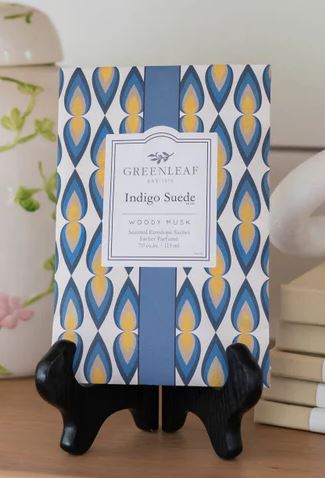 Experience the warm and sophisticated scent of our Indigo Suede Greenleaf Sachet. With hints of mandarin and currant, this elegant blend of atlas cedar, rose, sandalwood, and leather is as smooth as suede. Perfect for adding a touch of luxury to any space.
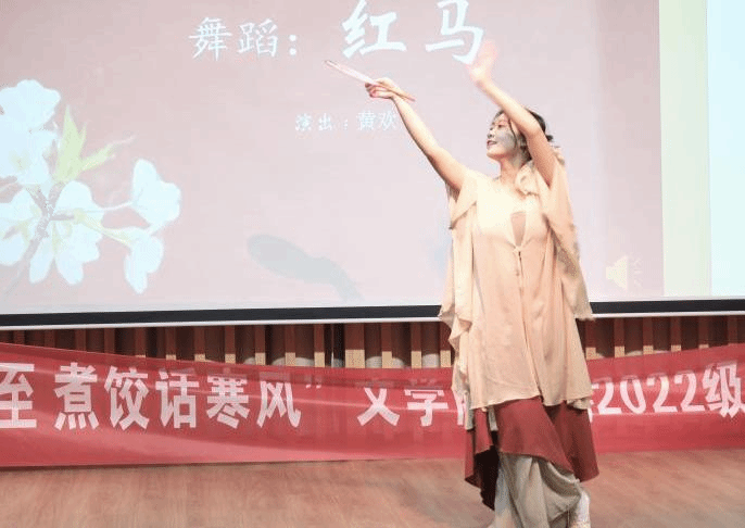 紧随其后的是载歌舞,迎冬至,冬至演出环节。现场节目形式多样、内涵丰富。有传统中国舞蹈《红马》、幽默又不失深情的诗朗诵《雪》,以及青春洋溢的合唱《素颜》等等。同学们自编自导自演,展现文学院学子多才多艺的一面。欢声笑语中,晚会气氛推向高潮,为冬日夜晚增添了一份特别的热烈。为增强活动参与感,晚会还设置了全员参与的抽奖和游戏环节,并以年级形象文创产品以及班主任郑保纯老师的刚发布的新书作为奖品。
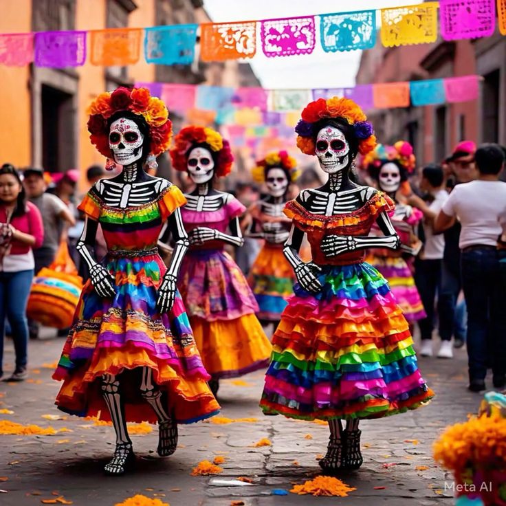 – As calaveras (caveiras) representam a aceitação da morte como parte da existência. Elas são coloridas, alegres, cheias de vida.
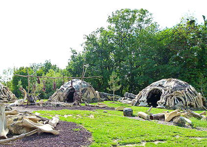 Cro-Magnon Culture, near Kiev, Ukraine, dated to Neolithic times, c. 13,000 B.C.E., constructed with mammoth tusks, skulls, and bones, which Cro-Magnon people mined from mammoth trap trenches constructed by Neanderthal people, 100,000 years earlier (!). Located in Ukraine, in the Kaniv Raion (district) of the Cherkasy Oblast province. Inhabitants lived near the southern seas during summer and migrated to these very cold sites during winter, where they remained inside most of the time, storing food brougnt the migration in cystes just outside the door; no evidence of winter hunting. The walls were made of stacked leg bones and mandibles.. The roof was made of tusks likely covered by insulating hides. More than a hundred mammoths mandibles used, were mined from a nearby 100,000 year old mammoth "graveyard" (of the earlier Neandertal humans). Pits were dug into the permafrost nearby may have been used to store frozen meat for a year-round meat supply. The site may be an early "village". in 2014, at the Kostenki 11 site, near Voronezh, Ukraine, adjacent to the Don River, archaeologists discovered a circular bone structure, 12.5 m (41 ft) in diameter, dating from 20,500 BCE, the coldest period of the last Ice Age. There was no obvious entrance to the circle, in which was found 51 lower jaws and 64 individual mammoth skulls, plus reindeer, horse, bear, wolf, red fox and arctic fox bones, that formed a wall perhaps 2 ft in height. The diameter of the structure was so large that it may not have been used as a dwelling; there is no evidence of a roof structure; the region had few trees for roof structure. Scientists theorize the structure may have been used for religiious ceremonies. Elevation is c. 84 meters (276 feet) above sea level. Materials: mammoth tusks, skulls, and other long bones; covered in skins and insulated with furs and pelts. Data for CG model:
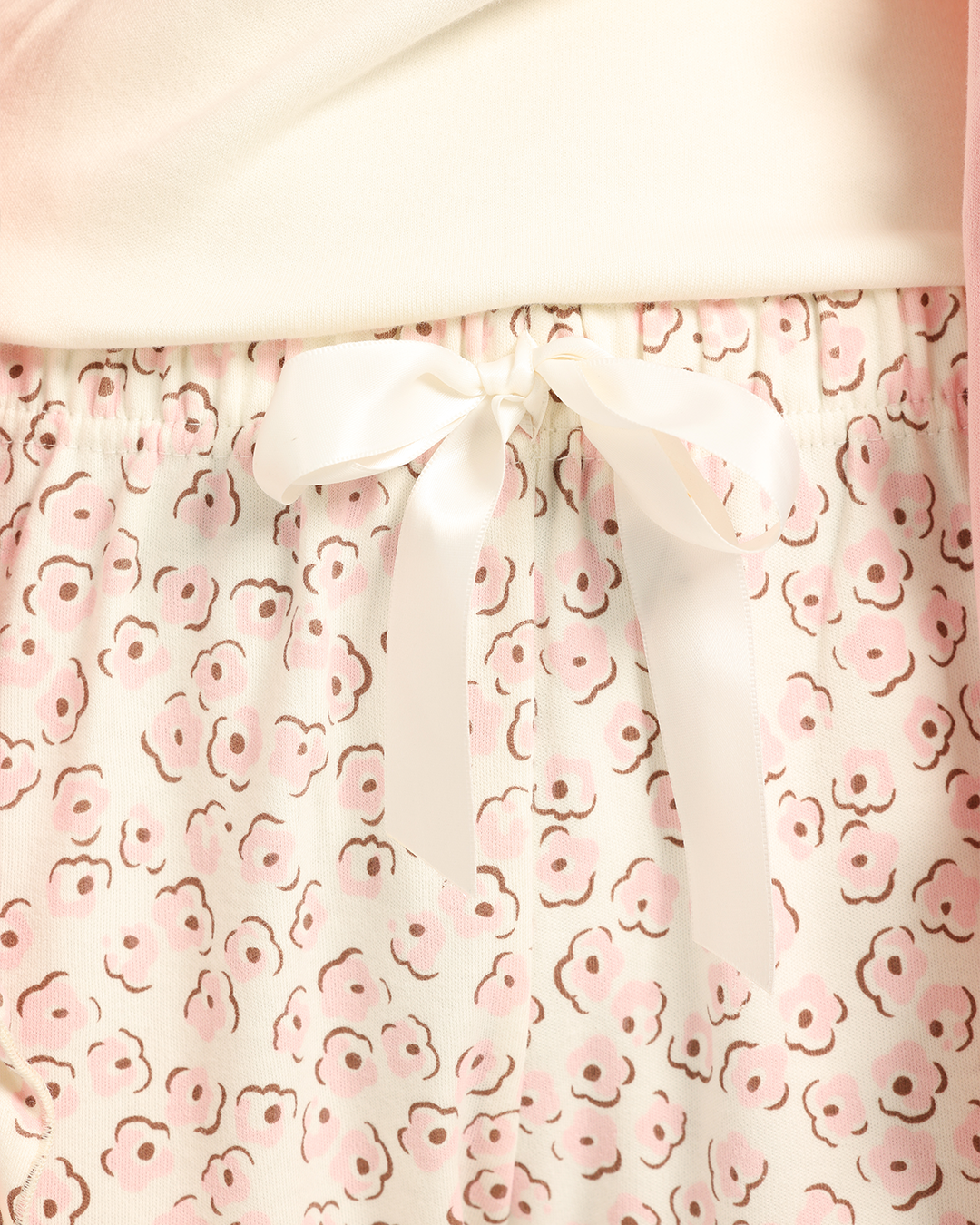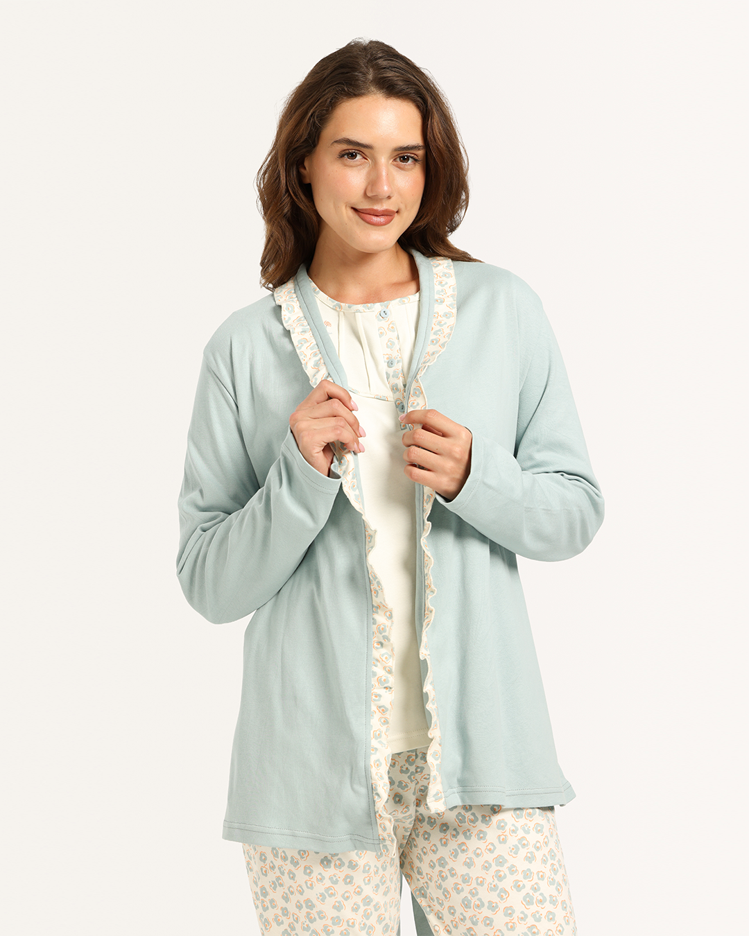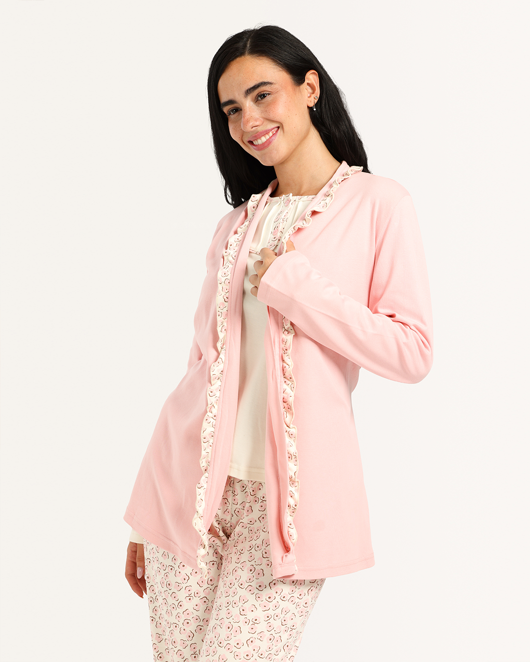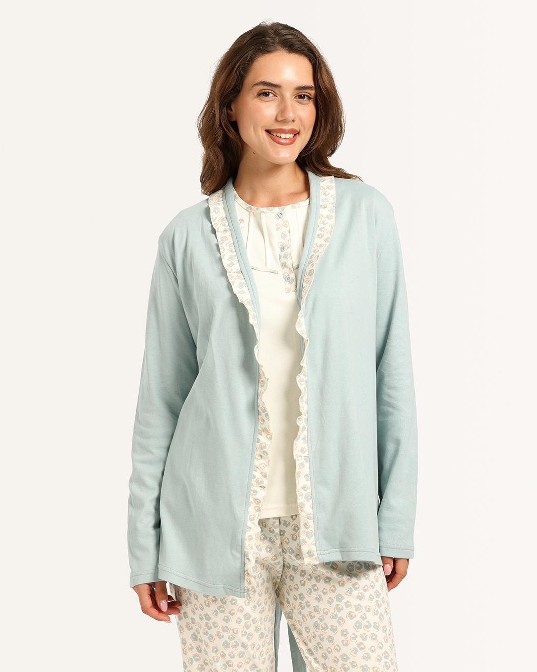 بيجاما حريمى كم 3ق بنطلون مع روب قصير ورد
★ ★ ★
> Problem to solve: Hand back the data above exactly, leaving out all pictures.

> Solution:
 Experience the warm and sophisticated scent of our Indigo Suede Greenleaf Sachet. With hints of mandarin and currant, this elegant blend of atlas cedar, rose, sandalwood, and leather is as smooth as suede. Perfect for adding a touch of luxury to any space.
 紧随其后的是载歌舞,迎冬至,冬至演出环节。现场节目形式多样、内涵丰富。有传统中国舞蹈《红马》、幽默又不失深情的诗朗诵《雪》,以及青春洋溢的合唱《素颜》等等。同学们自编自导自演,展现文学院学子多才多艺的一面。欢声笑语中,晚会气氛推向高潮,为冬日夜晚增添了一份特别的热烈。为增强活动参与感,晚会还设置了全员参与的抽奖和游戏环节,并以年级形象文创产品以及班主任郑保纯老师的刚发布的新书作为奖品。
 – As calaveras (caveiras) representam a aceitação da morte como parte da existência. Elas são coloridas, alegres, cheias de vida.
 Cro-Magnon Culture, near Kiev, Ukraine, dated to Neolithic times, c. 13,000 B.C.E., constructed with mammoth tusks, skulls, and bones, which Cro-Magnon people mined from mammoth trap trenches constructed by Neanderthal people, 100,000 years earlier (!). Located in Ukraine, in the Kaniv Raion (district) of the Cherkasy Oblast province. Inhabitants lived near the southern seas during summer and migrated to these very cold sites during winter, where they remained inside most of the time, storing food brougnt the migration in cystes just outside the door; no evidence of winter hunting. The walls were made of stacked leg bones and mandibles.. The roof was made of tusks likely covered by insulating hides. More than a hundred mammoths mandibles used, were mined from a nearby 100,000 year old mammoth "graveyard" (of the earlier Neandertal humans). Pits were dug into the permafrost nearby may have been used to store frozen meat for a year-round meat supply. The site may be an early "village". in 2014, at the Kostenki 11 site, near Voronezh, Ukraine, adjacent to the Don River, archaeologists discovered a circular bone structure, 12.5 m (41 ft) in diameter, dating from 20,500 BCE, the coldest period of the last Ice Age. There was no obvious entrance to the circle, in which was found 51 lower jaws and 64 individual mammoth skulls, plus reindeer, horse, bear, wolf, red fox and arctic fox bones, that formed a wall perhaps 2 ft in height. The diameter of the structure was so large that it may not have been used as a dwelling; there is no evidence of a roof structure; the region had few trees for roof structure. Scientists theorize the structure may have been used for religiious ceremonies. Elevation is c. 84 meters (276 feet) above sea level. Materials: mammoth tusks, skulls, and other long bones; covered in skins and insulated with furs and pelts. Data for CG model:
 بيجاما حريمى كم 3ق بنطلون مع روب قصير ورد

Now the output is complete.